Stock returns were mixed over the week as observed across the following 3 indices, with the Dow Jones Industrial Average (-0.97%), S&P 500 Index (+0.35%), NASDAQ Composite Index (+2.52%). Other key market indices that generated positives returns consist of STI Index (+1.27%) only. 3 S&P 500 sectors registered positive returns last week – Information Technology (+5.12%), Consumer Discretionary (+0.37%) and Communication Services (+1.20%). Main underperformers for the week were from subsectors such as Consumer Staples (-3.21%), Health Care (-2.86%) and Materials (-3.06%). For 2022 as a whole, index returns were negative for the Dow Jones Industrial Average (-8.78%), S&P 500 (-19.44%) and the NASDAQ Composite (-33.10%).
The yield-curve remains inverted as the 10Y-2Y US Treasury spread widened to -0.82%. driven by U.S 2-year and 10-year Treasury yields falling 2bps to 4.54% and falling 8bps to 3.72% respectively. Market sentiment also became more risk-on as the U.S. High Yield (HY) – Investment Grade (IG) credit spread tightened 19 bps to 2.90% while the CBOE Volatility Index (VIX) has fallen 335 bps to 14.60%.

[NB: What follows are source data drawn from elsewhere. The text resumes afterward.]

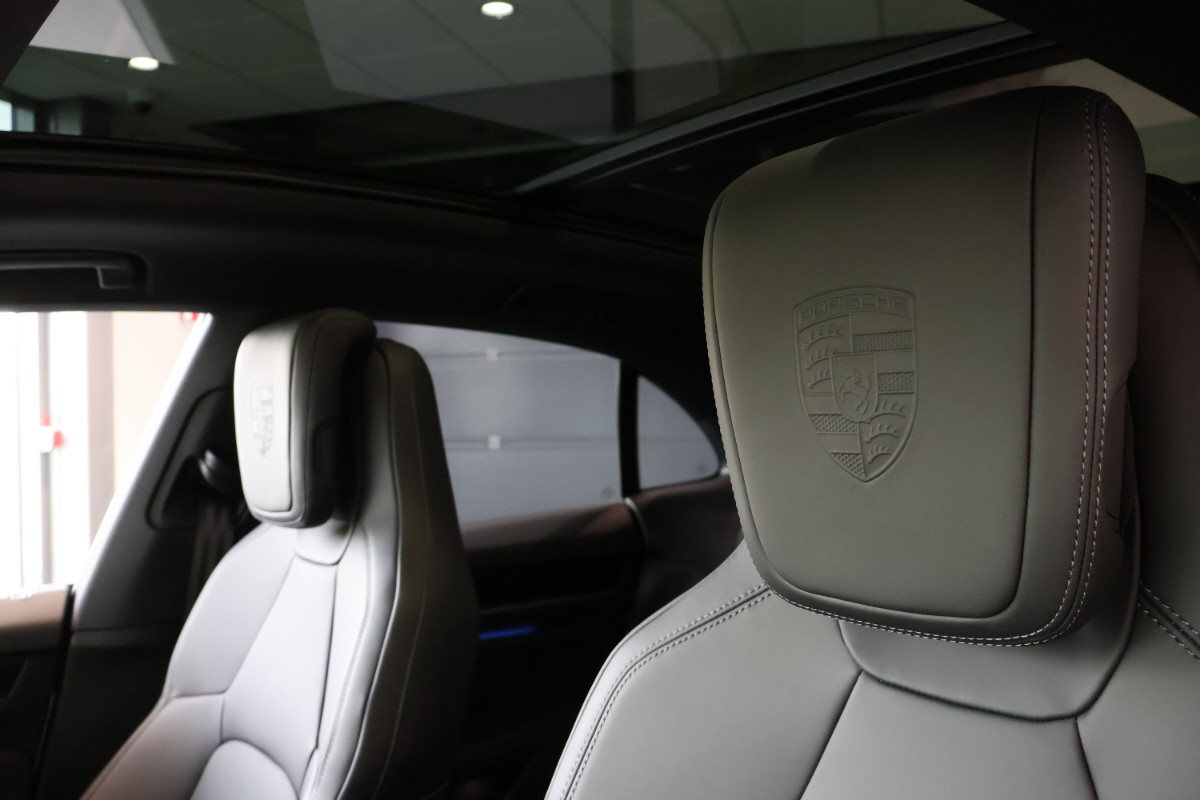 - Porschevapen präglade på nackstöd
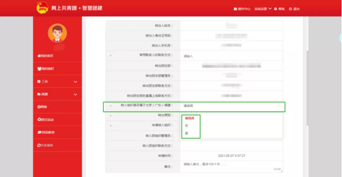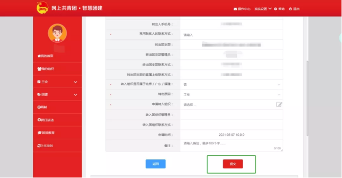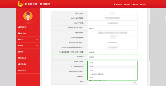 (三)填写剩余的信息、选择你要“申请转入组织”(进行系统操作前,请务必确认、联系好自己的“拟转出组织全称”(附后),再进行操作。国内升学的同学转入升学学校;工作的同学可转入单位或公司团支部,若单位或公司没有团支部可转接至工作单位所在地的乡镇街道团组织;待业的同学可转回户籍地。)。
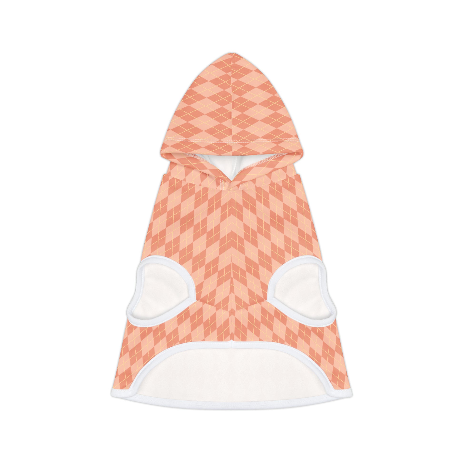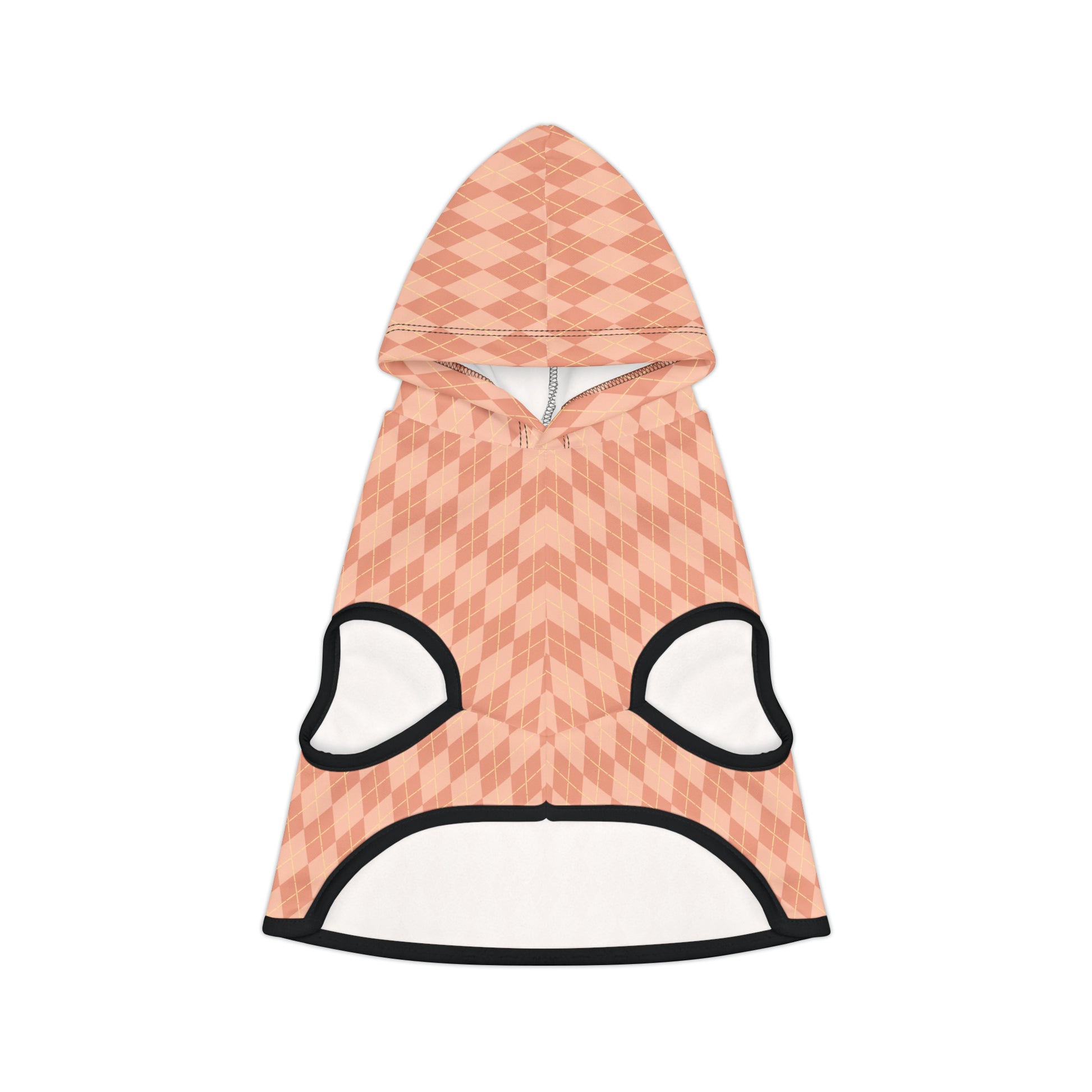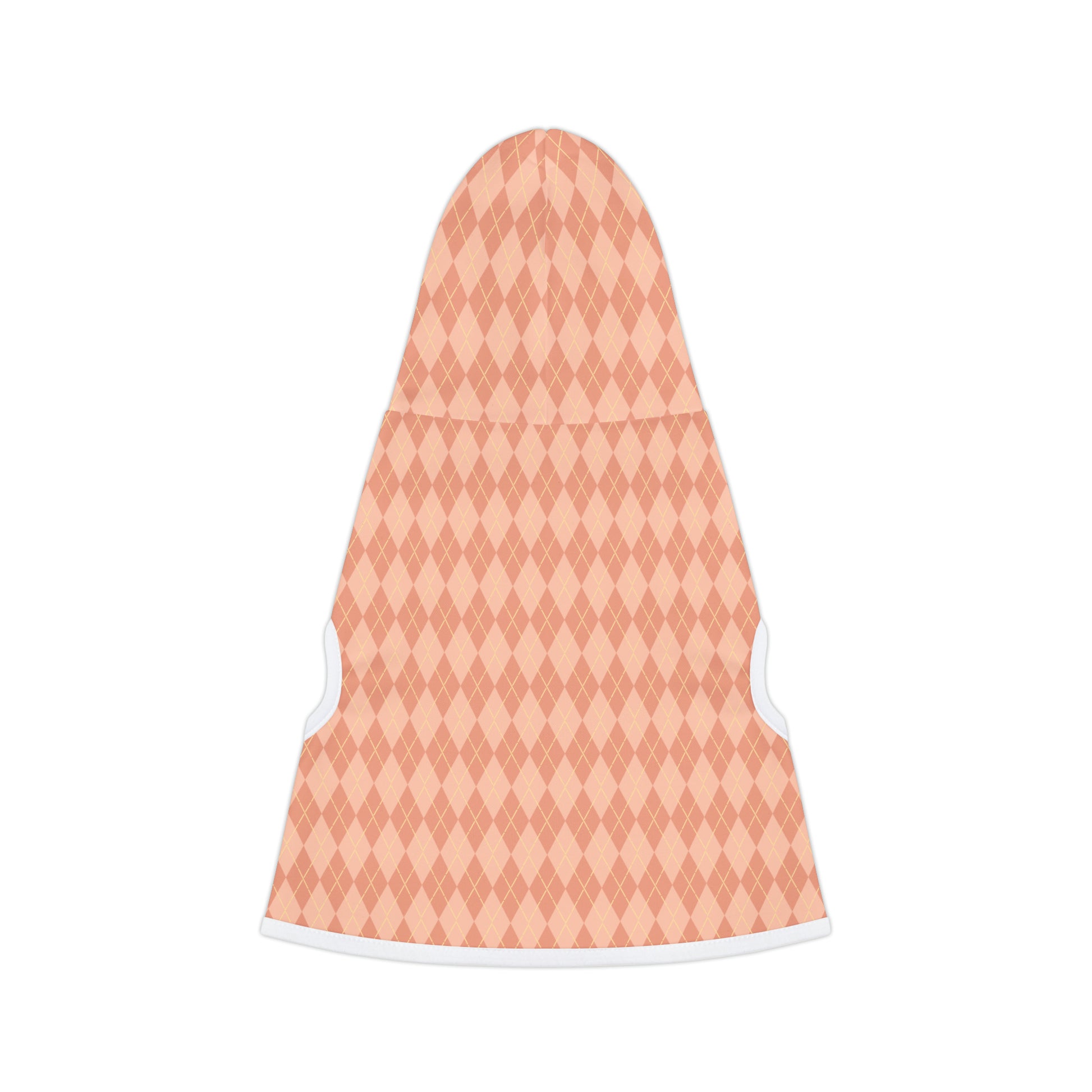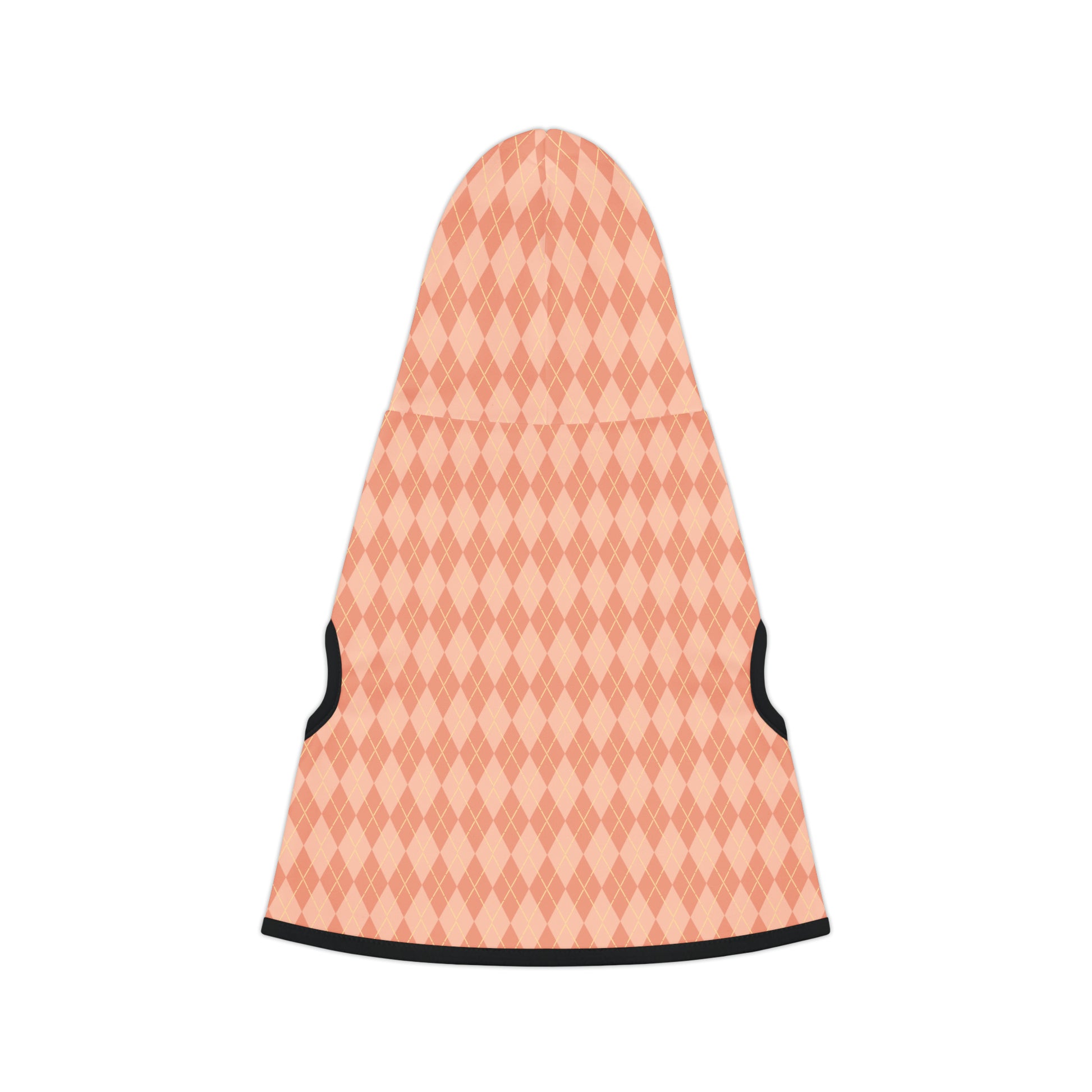 Introducing the Coral Cascade Pet Hoodie—comfort and style in one with an intricate argyle design. Choose black or white rib detailing for a personalized touch. Proudly assembled in the USA, this hoodie lets your pet showcase global glam with distinctive argyle flair. Explore our Coral Cascade human clothing collection for a perfectly coordinated look. Elevate your pet's style and yours too!
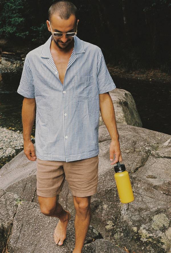 Ambrose wears the Ollie Seersucker Shirt with the Transition Short in Dune.
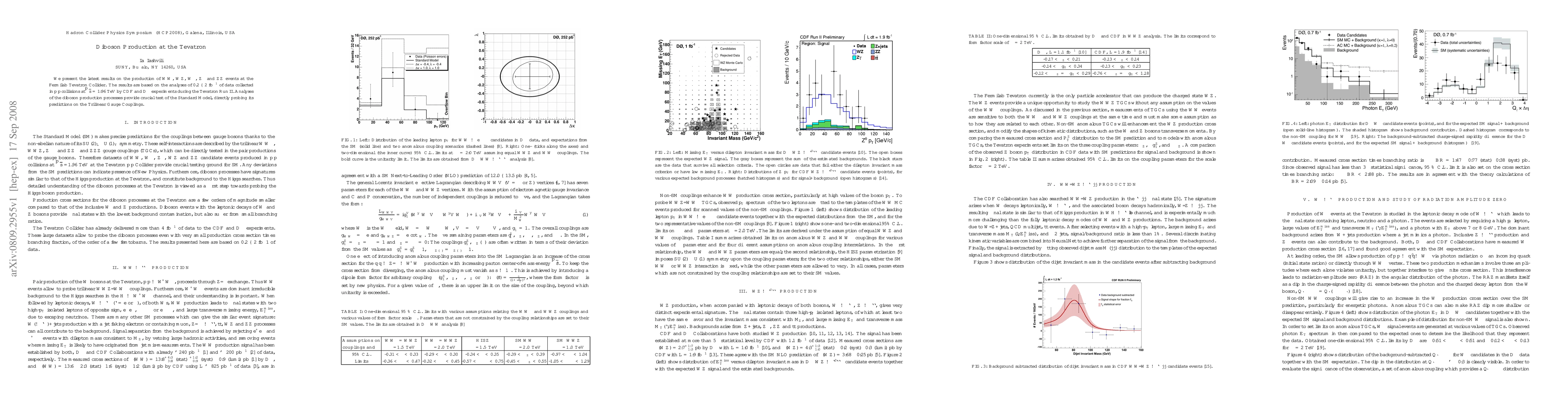 This paper reports on the latest findings from the CDF and DO experiments at the Tevatron Collider regarding the production of various diboson events (WW, WZ, Wγ, Zγ, ZZ) in proton-antiproton collisions at 1.96 TeV. These results, based on data collected from 0.2 to 2 fb⁻¹, serve as a critical test of the Standard Model's predictions on Trilinear Gauge Couplings.
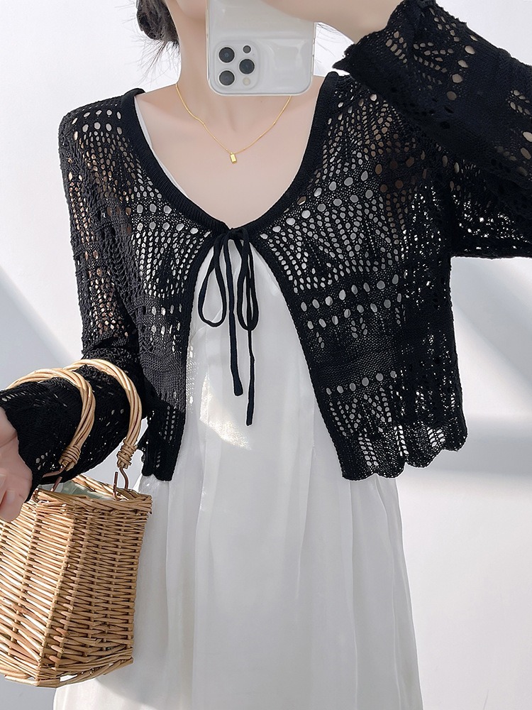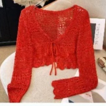 2025夏の新型の薄いスタイルのvネックのエアコンのブラウスの透かし彫りのニットの婦人服
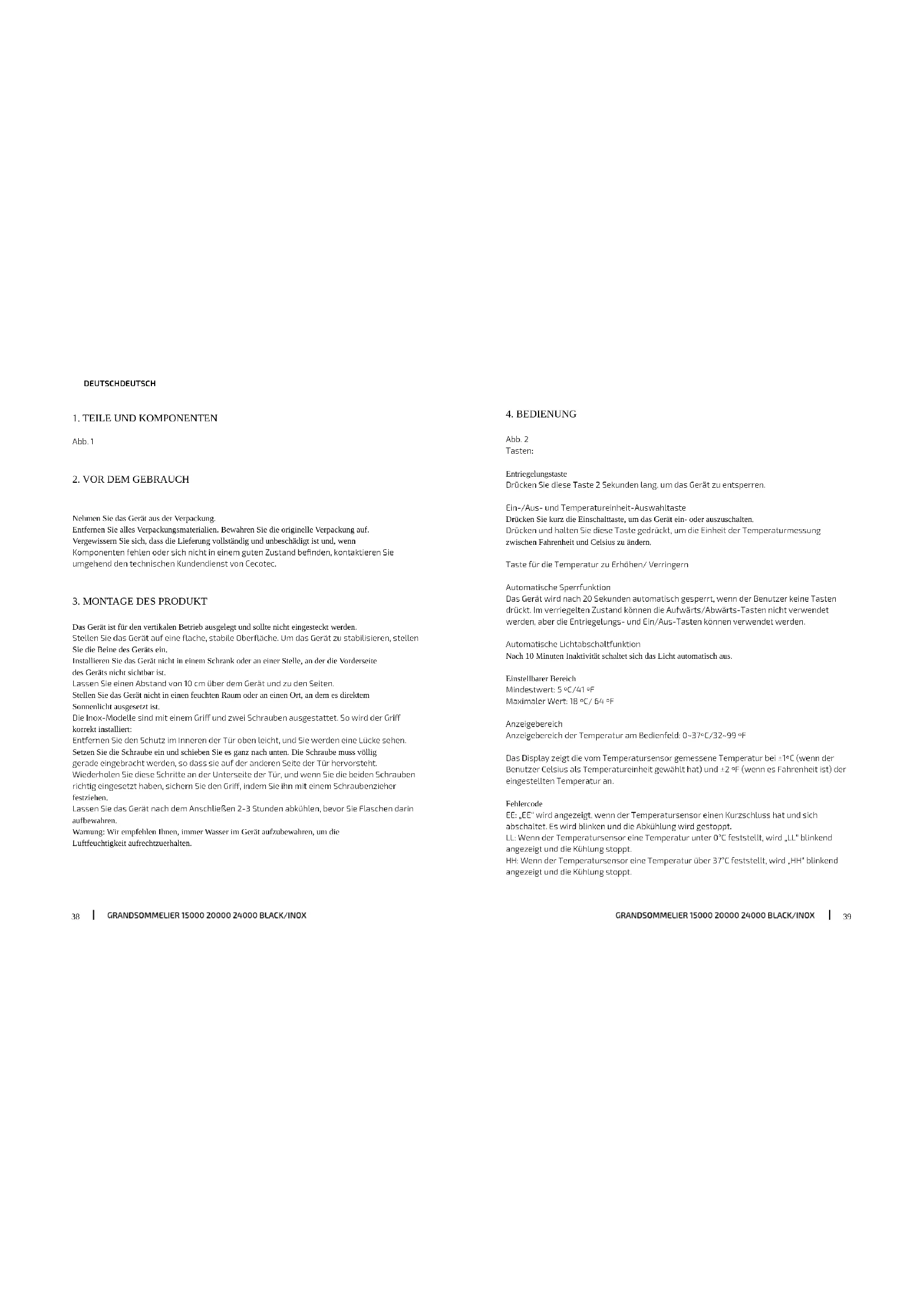 Abb. 2 Tasten: Entriegelungstaste Drücken Sie diese Taste 2 Sekunden lang, um das Gerät zu entsperren. Ein-/Aus- und Temperatureinheit-Auswahltaste Drücken Sie kurz die Einschalttaste, um das Gerät ein- oder auszuschalten. Drücken und halten Sie diese Taste gedrückt, um die Einheit der Temperaturmessung zwischen Fahrenheit und Celsius zu ändern. Taste für die Temperatur zu Erhöhen/ Verringern Automatische Sperrfunktion Das Gerät wird nach 20 Sekunden automatisch gesperrt, wenn der Benutzer keine Tasten drückt. Im verriegelten Zustand können die Aufwärts/Abwärts-Tasten nicht verwendet werden, aber die Entriegelungs- und Ein/Aus-Tasten können verwendet werden. Automatische Lichtabschaltfunktion Nach 10 Minuten Inaktivität schaltet sich das Licht automatisch aus. Einstellbarer Bereich Mindestwert: 5 ºC/41 ºF Maximaler Wert: 18 ºC/ 64 ºF Anzeigebereich Anzeigebereich der Temperatur am Bedienfeld: 0~37ºC/32~99 ºF Das Display zeigt die vom Temperatursensor gemessene Temperatur bei ±1ºC (wenn der Benutzer Celsius als Temperatureinheit gewählt hat) und ±2 ºF (wenn es Fahrenheit ist) der eingestellten Temperatur an. Fehlercode EE: „EE“ wird angezeigt, wenn der Temperatursensor einen Kurzschluss hat und sich abschaltet. Es wird blinken und die Abkühlung wird gestoppt. LL: Wenn der Temperatursensor eine Temperatur unter 0°C feststellt, wird „LL“ blinkend angezeigt und die Kühlung stoppt. HH: Wenn der Temperatursensor eine Temperatur über 37°C feststellt, wird „HH“ blinkend angezeigt und die Kühlung stoppt.4140 DEUTSCH DEUTSCH
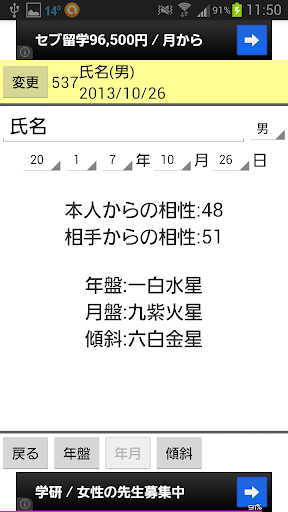 本人の本命星(年盤)、月命星(月盤)、傾斜と、相手の本命星(年盤)、月命星(月盤)、傾斜で、
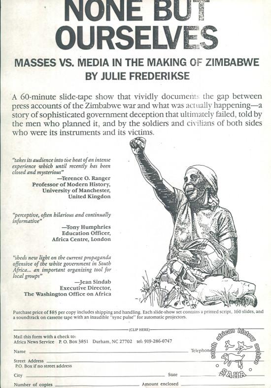 This is a digital copy of the order form for the None But Ourselves 60 minute audio-visual show, produced by Julie Frederikse with Africa News, circa 1983. It premiered at London's Africa Centre in December 1983 and was shown widely in Zimbabwe. The South African premiere was at the first conference of the Congress of Trade Unions (COSATU) in 1985. Copies of the audio-visual show were distributed in South Africa by the National Education Union of South Africa (NEUSA) resource centre. This item was digitised by SAHA in 2015 for inclusion in Julie Frederikse's 'Author's Reflection' for the new edition of "The Unbreakable Thread: non-racialism in South Africa". Also included in the SAHA online repository 'Tracing the unbreakable thread: non-racialism in South Africa today' |
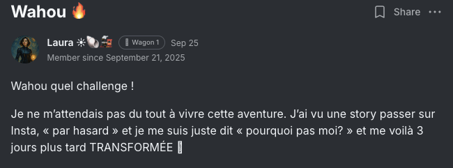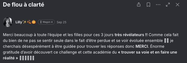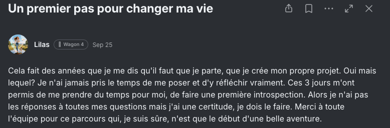 đJe suis la fondatrice de La Locomotive AcadĂ©mie, j'ai accompagnĂ© plus de 1000 femmes salariĂ©es Ă trouver leur voie et Ă construire un projet qui leur ressemble.
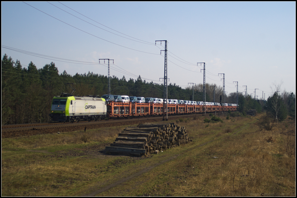 DB Cargo 185 016-3 fuhr mit vielen Kesselwagen am 10.04.2018 durch die Berliner Wuhlheide.
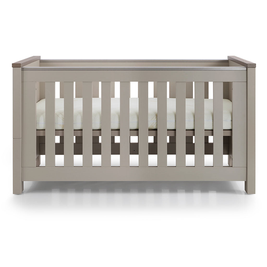 The Bordeaux Oatmeal cot bed offers a 3 - position base, teething rail and effortlessly adapts from a cosy newborn crib to a stylish toddler bed, ensuring longevity beyond the early years.
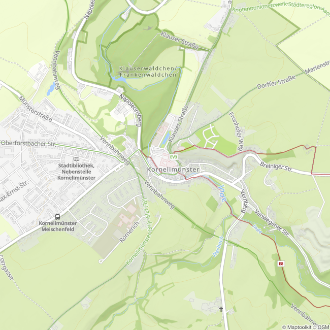 Kornelimünster ist Startpunkt des Fernwanderwegs Eifelsteig, der auf 313 km und 15 Etappen durch dei Eifel bis nach Trier führt.

This coming week, there will be an update about China’s inflation status, final GDP revisions from the EU and Japan.
The global REIT market’s return was varied across the numerous benchmarks Thailand Property Fund & REITs Index (-0.19%) and Hang Seng REIT Index (-1.20%) were the notable REITs that generated negative returns over the past week. Closer to home, the iEdge S-REIT Index (+0.03%) and all of its subsectors generated positive weekly returns with Retail (+0.15%), the notable sector that outperformed the rest last week. REITs generally have been affected by decreasing yield spread as interest rates surged and investors price in the possibility of reduced distributions stemming from higher financing costs. However, we do expect inflows to return to the sector given the existing attractive valuations on offer and resilience offered by the REIT asset class in light of the waning global growth outlook.
Globally, REIT is also the best inflation-adjusted asset classes for the past 20 years. US-REIT dividend growth have outpaced annual inflation rate as measured by the Consumer Price Index except in 2002 and 2009 (shortly after the GFC). In Singapore, the iEdge S-REIT Index has returned 4.51% annualized for the past ten years in contrast to the average core inflation rate of 1.51%, and outperforming the STI’s 3.66%.